- Born: Shafiur Rahman 4 July 1943 Bikrampur, Munshiganj, Dhaka Division, Bengal Province, British India (present-day Bangladesh)
- Died: 18 October 2023 (aged 80) Bangkok, Thailand
- Resting place: Sreenagar Upazila, Munshiganj
- Years active: 1965–2000
- Notable work: Denmohor
- Children: 2

= Shafi Bikrampuri =

Bangladeshi film director and producer (1943–2023)

Shafi Bikrampuri (4 July 1943 – 18 October 2023) was a Bangladeshi film director and producer. He is best known for Denmohor (1995) which is the remake of superhit Bollywood film Sanam Bewafa.

==Career==
Bikrampuri started his career as a film distributor in 1964 with the Hollywood films Fantomas and Angélique. He also distributed Subhash Dutta directed film Arunodoyer Agnishakkhi in 1972.

Bikrampuri made his film debut as a producer by jointly producing the movie Gunai Bibi. He produced many hit movies including, Bahadur, Daku Mansur and Raj Dulari. The noted filmmaker made his directorial debut with Raj Dulari in 1978. Shabana, Nuton, Wasim, Jashim and many others acted in the film.
 The folk fantasy magic movies produced by Shafi Vikrampuri, Daku Mansoor, Bahadur and Rajdulari became superhits consecutively, creating a surprise in the film industry. He has made several films like Jibon Trishna, Shaanti-Ashanti, Jajsaheb, Abujh Moner Valobasha, Shobuj Shathi, Den Mohor, Sokal Sandhya, Matir Kole, and Shashi Punnu.
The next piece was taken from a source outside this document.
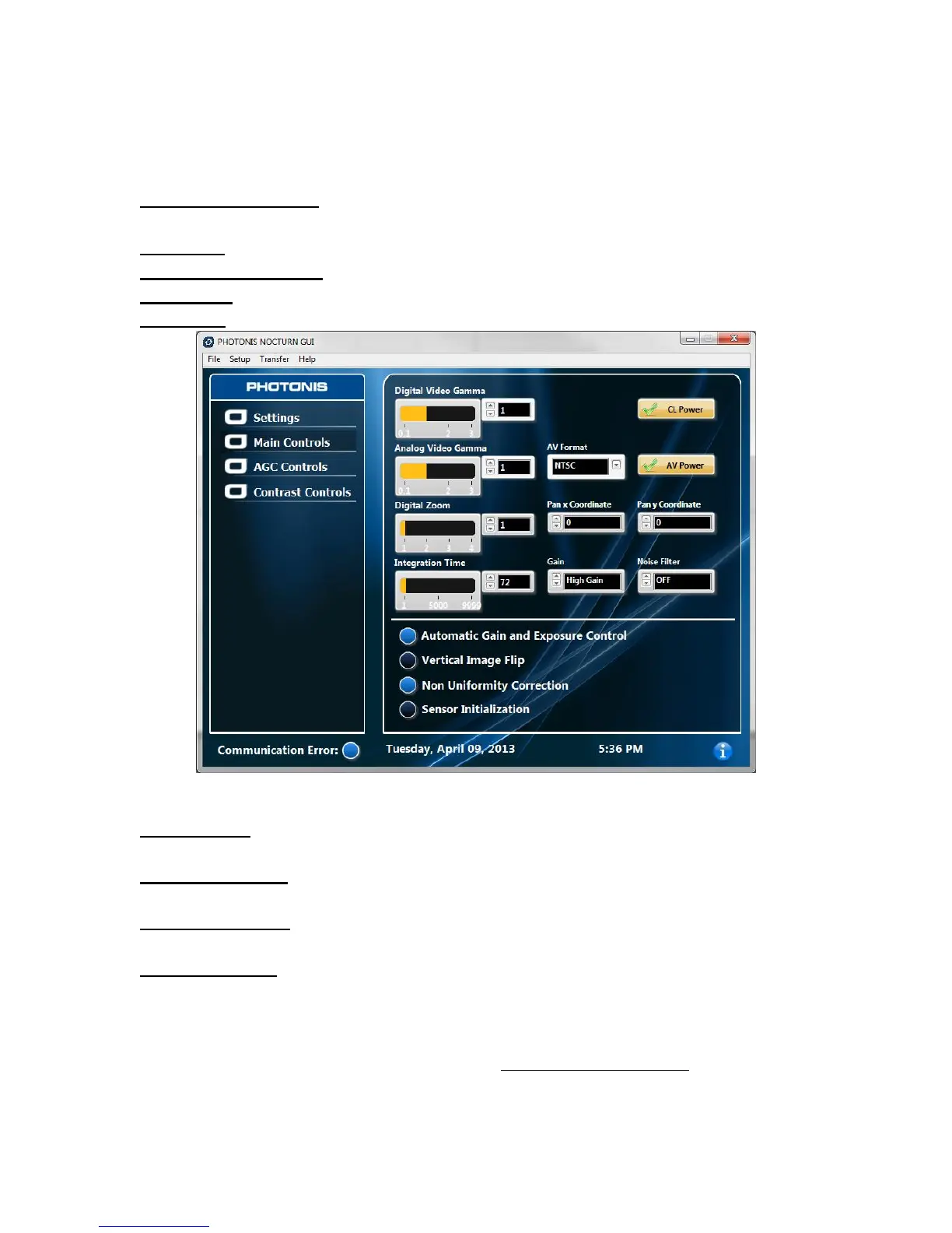 Digital Video Gamma- Adjusts the Gamma on the digital CameraLink® compatible video output

Bikrampuri built two cinema halls named ‘Padma’ and ‘Surma’ in Malibagh, Dhaka in 1989. Besides, he served as the President of Dhaka and Narayanganj Cinema Hall Owners Association for a long time. He was even a member of the Bangladesh Film Censor Board.

== Personal life and death ==
Bikrampuri was born on 4 July 1943, at Mottogram under Srinagar upazila in Munshiganj (formerly Bikrampur Pargana). He started living in Dhaka with his family from 1948. He was married to Nasima Sultana and had two children. He established Jamuna Films Limited in his daughter's name. Besides he was also active in politics.

Bikrampuri died while undergoing treatment at a hospital in Bangkok on 18 October 2023, at the age of 80.